Can an infinite sum of irrational numbers be rational?

Let $S = \sum_ {k=1}^\infty a_k $ where each $a_k$ is positive and irrational. Is it possible for $S$ to be rational, considering the additional restriction that none of the $a_k$'s is a linear combination of the other ?

By linear combination, we mean there exists some rational numbers $u,v$ such that $a_i = ua_j + v$.


Solution 1:

EDIT: Pardon me, but it has been shown in the comments by robjohn and Michael that these are not linearly independent. Indeed:$$91a_1-10a_2=10$$     — Akiva Weinberger

Think of a series of real numbers with decimal expansions like

0.1100110000110000001100000000110000000000110000000...
0.0011001001001000010010000001001000000001001000000...
0.0000000110000100100001000010000100000010000100000...
0.0000000000000011000000100100000010000100000010000...
0.0000000000000000000000011000000001001000000001000...
0.0000000000000000000000000000000000110000000000100...
0.0000000000000000000000000000000000000000000000011...
...

That is, a given digit is only 1 in one the numbers in the series, and 0 everywhere else, and distributed like the above.

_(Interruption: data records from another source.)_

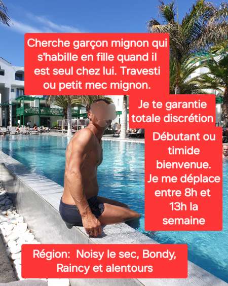 Cherche garçon mignon, androgyne ou travesti qui s'habille en fille quand il est seul chez lui et qui aime se faire masturber et sucer en gardant sa petite culotte et sa robe. On fait connaissance avant et si je te conviens je me déplace chez toi en te GARANTISSANT UNE TOTALE DISCRÉTION. Je viens la semaine de 8h à 14h à Noisy le Sec, Romainville, Les Lilas, Livry Gargan, le Raincy, Bagnolet, Pavillons sous Bois, Bondy. PRÉFÉRENCE À GARÇON PAS TRÈS POILU OU LISSE . Mec éfféminé, jeune puceau , travesti quotidien ou occasionnel, androgyne, petit timide, très petit sexe, look de fille : cette annonce est pour toi si tu veux un copain régulier très discret . Pas de barbe, pas de moustache, pas d'hotel et pas de mec musclé Matcho.
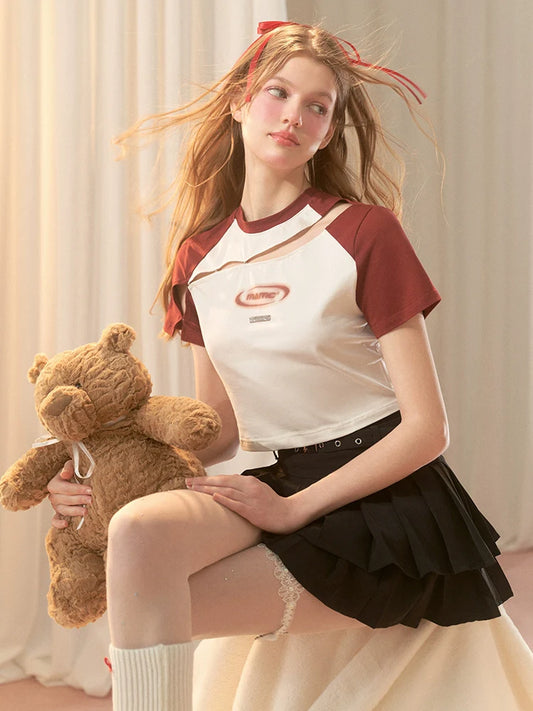 Asymmetrical College Tops Retro Casual
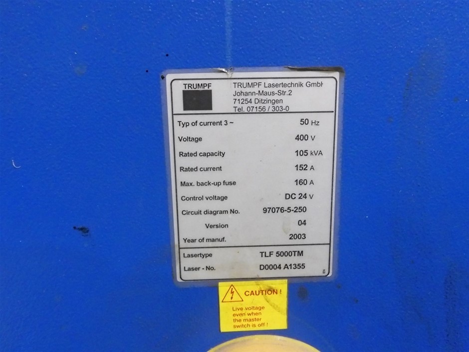 Part of Sale Trumpf TLF 5000TM CNC Laser Cutting System
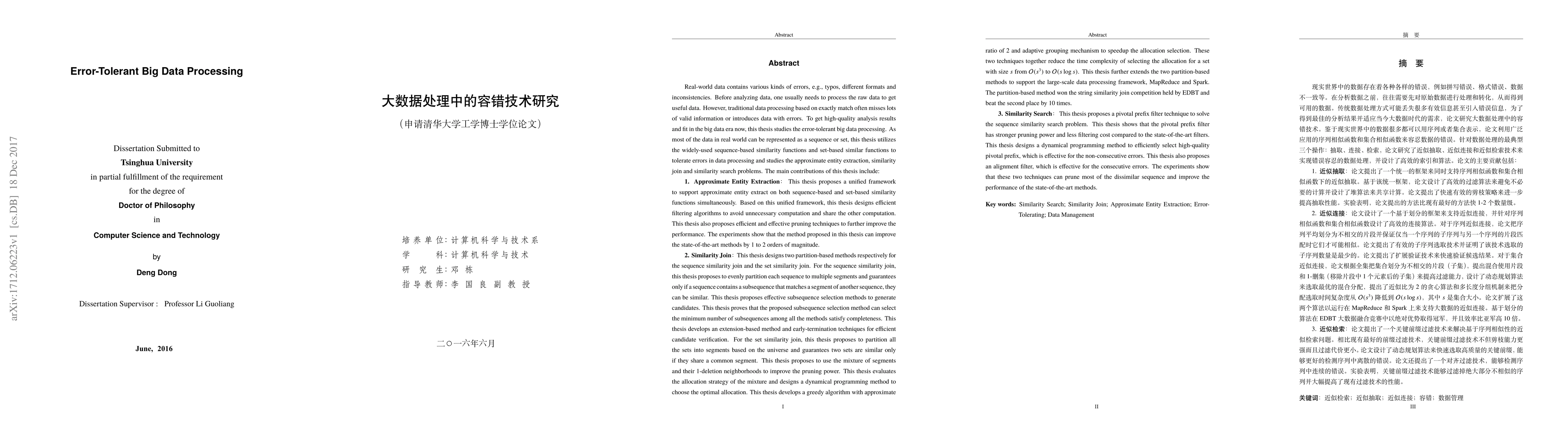 Real-world data contains various kinds of errors. Before analyzing data, one usually needs to process the raw data. However, traditional data processing based on exactly match often misses lots of valid information. To get high-quality analysis results and fit in the big data era, this thesis studies the error-tolerant big data processing. As most of the data in real world can be represented as a sequence or a set, this thesis utilizes the widely-used sequence-based and set-based similar functions to tolerate errors in data processing and studies the approximate entity extraction, similarity join and similarity search problems. The main contributions of this thesis include: 1. This thesis proposes a unified framework to support approximate entity extraction with both sequence-based and set-based similarity functions simultaneously. The experiments show that the unified framework can improve the state-of-the-art methods by 1 to 2 orders of magnitude. 2. This thesis designs two methods respectively for the sequence and the set similarity joins. For the sequence similarity join, this thesis proposes to evenly partition the sequences to segments. It is guaranteed that two sequences are similar only if one sequence has a subsequence identical to a segment of another sequence. For the set similarity join, this thesis proposes to partition all the sets into segments based on the universe. This thesis further extends the two partition-based methods to support the large-scale data processing framework, Map-Reduce and Spark. The partition-based method won the string similarity join competition held by EDBT and beat the second place by 10 times. 3. This thesis proposes a pivotal prefix filter technique to solve the sequence similarity search problem. This thesis shows that the pivotal prefix filter has stronger pruning power and less filtering cost compared to the state-of-the-art filters.
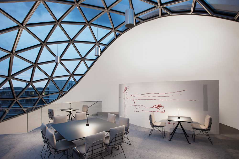 Dos recortes de forma orgánica abren la perfecta carcasa de hormigón, se cierran con una tracería de acero geodésico, cuyos 147 paneles triangulares de cristal líquido se pueden colorear de negro para sombrear en función de la luz solar directa. La ilusión de una locura arquitectónica permanece intacta, ya que ninguna escalera o puerta perfora visiblemente la carcasa.

All those numbers are irrational because their decimal expansion never repeats, they are linearly independent, and their sum is 1/9 = 0.111111...

EDIT: Ángel Valencia proposes the following, unfortunately also without proof. It seems likely to work to me, but I (RemcoGerlich) am working on my own fix with proof.

0.10010000000100000000000000100000000000000000000001000000...
0.01101100011011000000000011011000000000000000000110110000...
0.00000011100000111000011100001110000000000000111000001110...
0.00000000000000000111100000000001111000001111000000000000...
0.00000000000000000000000000000000000111110000000000000000...
...

     —

Solution 2:

If $e^{\ln x}$ is not allowed, we can use another function's Maclaurin series. For example $$\tan \frac{\pi}4=\sum_{n=0}^\infty \frac{(-1)^n 2^{2n+2}(2^{2n+2}-1)B_{2n+2}}{(2n+2)!}\left(\frac{\pi}4\right)^{2n+1}=1.$$ Note that $(-1)^nB_{2n+2}$ is positive for all $n\in \mathbb{N}$. That guarantees that all terms in the series are positive.

Solution 3:

$$ \begin{align} 1 &=\log(e)\\ &=-\log\left(1-\left(1-\frac1e\right)\right)\\ &=\sum_{k=1}^\infty\frac1k\left(1-\frac1e\right)^k \end{align} $$ Since $e$ is transcendental, no finite rational combinations of the terms can be $0$.


Suppose that some finite rational combination of the terms were $0$, then for some $\{a_k\}\subset\mathbb{Q}$ $$ \begin{align} 0 &=\sum_{k=1}^n\frac{a_k}k\left(1-\frac1e\right)^k\\ &=\sum_{k=1}^n\sum_{j=0}^k\frac{a_k}k\binom{k}{j}(-1)^je^{-j}\\ &=\sum_{k=1}^n\left[\frac{a_k}k+\sum_{j=1}^k\frac{a_k}k\binom{k}{j}(-1)^je^{-j}\right]\\ &=\sum_{k=1}^n\frac{a_k}k+\sum_{j=1}^n\left[\sum_{k=j}^n(-1)^j\frac{a_k}k\binom{k}{j}\right]e^{-j} \end{align} $$ Therefore, $$ 0=\left[\sum_{k=1}^n\frac{a_k}k\right]e^n+\sum_{j=1}^n\left[\sum_{k=j}^n(-1)^j\frac{a_k}k\binom{k}{j}\right]e^{n-j} $$ which is impossible since $e$ is transcendental.